I take love very seriously. It is very deep. I love my friends and family, and I may love more than one woman in my life, but I don't date every girl I know. With that said, I have been craving to be close to a girl. I wanted to do what my hormones have wanted to do. This doesn't have to involve love, just trust. And I knew of a girl who might trust me.
My neighbor, Jasmine, is a beautiful girl my age. We have been friends for many years and she has been dating my best friend. We have had a great ring of friendship for as long as I can remember. But, I never thought that I would actually want to be with her. My body does, rather. She has many of the right features for me. She is cute and has a small frame. She has an adorable voice. Her breasts are small, but they fit her perfectly. I am very shy around girls and don't usually pay attention to their features, but I've known her for a long while and I can't help but to notice how attractive she is.
Normally, I just fantasize about her, but recently I've actually wanted to try something real. Well, those are still just fantasies. She would never do anything with me. She seems much too loyal. But, I don't want her to break up with my friend. I just want to do what other lucky boys have done. It doesn't have to mean anything. I guess sex and anything close to sex is considered love to many people. I agree that things like that are a big way of showing love, but if a couple of friends can trust each other then I wouldn't see a problem with mutual pleasure. People talk about this on this site all the time.
Sometimes, I wish she would grant me this pleasure. I would do almost anything for her to come over and relieve me of this stress so that I can continue life.
I can imagine her, now. She would come over in her tight jeans and a t-shirt she can barely fit. The house would be empty, except for me. She would be bored and looking for something to do. We'd sit down and start chatting for a while. Then, we would somehow bring up the fact that she had a crush on me when we were little. I never admitted that I felt the same way. But, I would be courageous enough to say that to her when we are alone. Somehow, we would start talking about private things. She would casually mention things about herself that I normally wouldn't know.
Eventually, things would progress until we touched. I would feel and explore. We would get so horny that she would let me go further. She would be kind to me.
I'd run my hands up her body, feel her perfect breasts. I'd move down. She'd let me slide under her pants. She'd be smooth and shaven. I would thrust my finger into her without warning. She would let out 'oh!' in surprise. I would start moving slower and press down on her and rub her and hear her little whining hums. Her cute body would rise and fall as she breathed. Her soft skin would feel warm on mine. I'd start thrusting a finger into her again, easy and slow. Then, move faster. She would want more, but I'd hold back. She would coo and hum. I'd move faster and feel deeper inside her. I'd fill her with every finger I could fit. In and out. Her humming would drive me wild. We'd continue for a while until she was close. Then, I'd stop just when she wanted to climax.

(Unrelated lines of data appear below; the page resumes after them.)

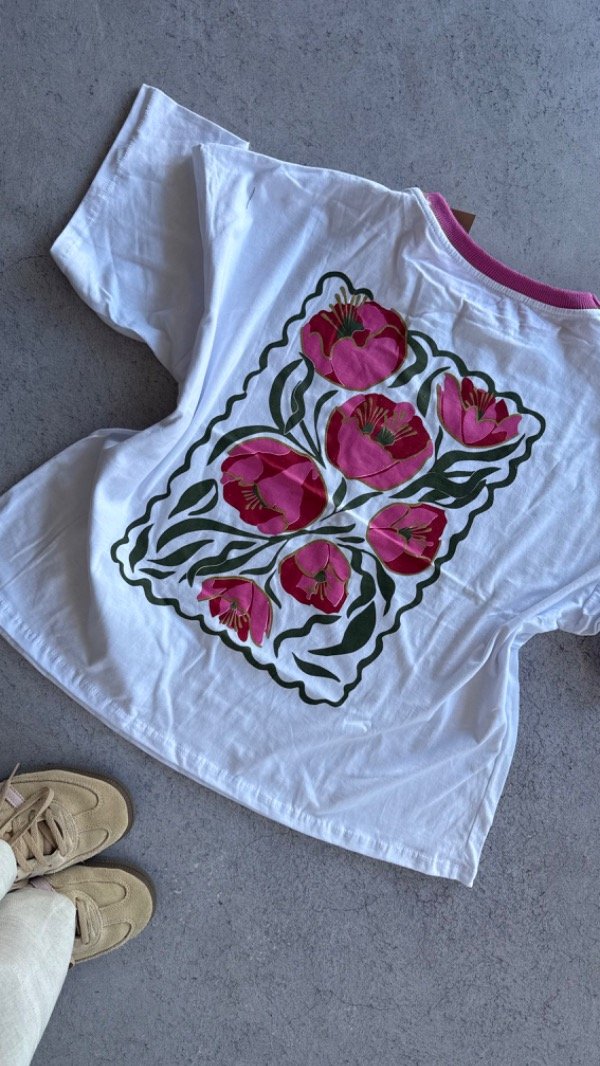 remera de jersey estampada. talle unico, se adapta de un S un XXL. larga a la cadera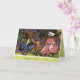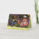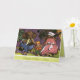 This drawing is of a family of elephants sitting around on stools in the woods. A father, mother and baby elephant dressed in outfits and hats. This card comes with a nice saying or customize with your own saying. A matching envelope can be bought as well.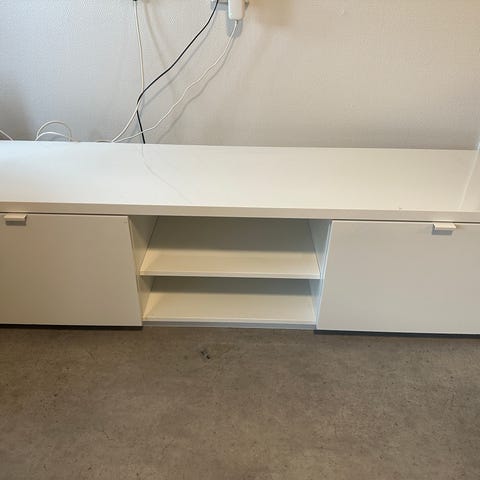 Den er i hvit høyglans og passer veldig godt inn i de fleste rom. Se bruksmerke på bilde. (bør være enkelt å male over)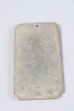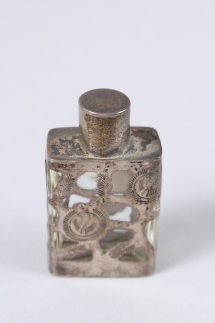 A CHINESE SILVER TABLET with figures and calligraphy, 4ins x 2.5ins, and a small scent bottle, 2.5ins high (2).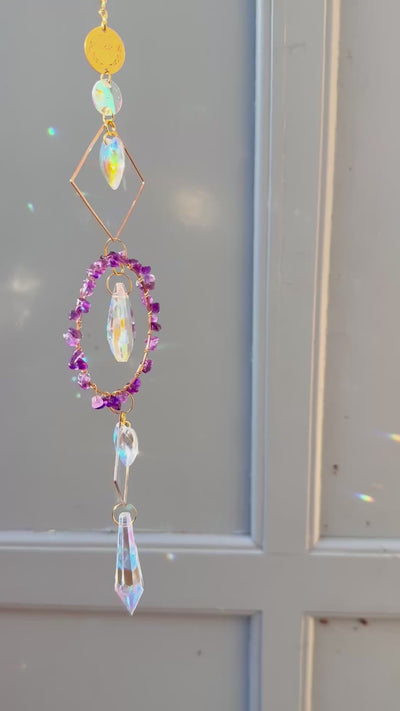 Orné de cristaux facettés et de pierres naturelles d’améthyste soigneusement choisies, il agit comme un capteur d’énergie et de lumière :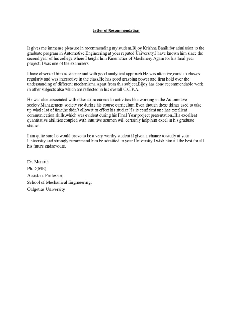 It gives me immense pleasure in recommending my student,Bijoy Krishna Banik for admission to the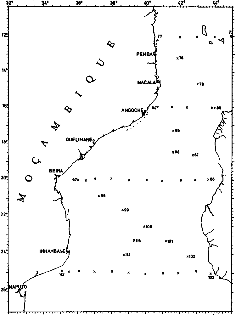 Fig. 31. COMMANDANT ROBERT GIRAUD, 6 Sep.-15 Oct. 1962. Grid of stations.

I would move down in front of her and undo her jeans. We would slide them down with her panties and I'd open her clasped legs. I would see her for the first time as I fingered her. She would love the feeling and start moving up and down. She would push herself onto my fingers to get as much pressure as she could as she built up to climax. I would listen to her moan. She'd tense every muscle until I finally send her over the edge. Her body would clench. She would cum and cum on my hand and moan and thrust her hips. Soon, she would be back to normal.
She won't really do this. It's just another fantasy. But, I still imagine her. I still wish for her to grant me this one favor and let me go so far with her.